Prior to JDK 1.4, Java programmers had limited options: they could read data into a byte[] and use explicit offsets (along with bitwise operators) to combine bytes into larger entities, or they could wrap the byte[] in a DataInputStream and get automatic conversion without random access.
The ByteBuffer class arrived in JDK 1.4 as part of the java.nio package, and combines larger-than-byte data operations with random access. To construct a simple cache using ByteBuffer, see this article.
For those looking for in-depth explanation on the topic, read the article here. It is a long read but it is worth the information gain.
Note: Essentially, both these products are managing contiguous region of memory. Even though the approach described above avoids GC, fragmentation in any contiguous region eventually has a cost. The compaction cycle would happen far less often than a JVM garbage collection cycle would, so while it would cruelly affect performance during the cycle, it would occur fairly rarely.

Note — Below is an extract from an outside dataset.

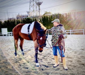 現在は福岡市と奈良県のの提携乗馬施設にて引き取った引退馬を調教しております。

That brings up another topic: how does the non-heap memory for direct buffers get released? After all, there's no method to explicitly close or release them. The answer is that they get garbage collected like any other object, but with one twist: if you don't have enough virtual memory space or commit charge to allocate a direct buffer, that will trigger a full collection even if there's plenty of heap memory available. -
Conclusion
It still makes sense to scale horizontally. Even so, you still leverage vertical scalability with BigMemory, which makes the distributed cache faster with higher density.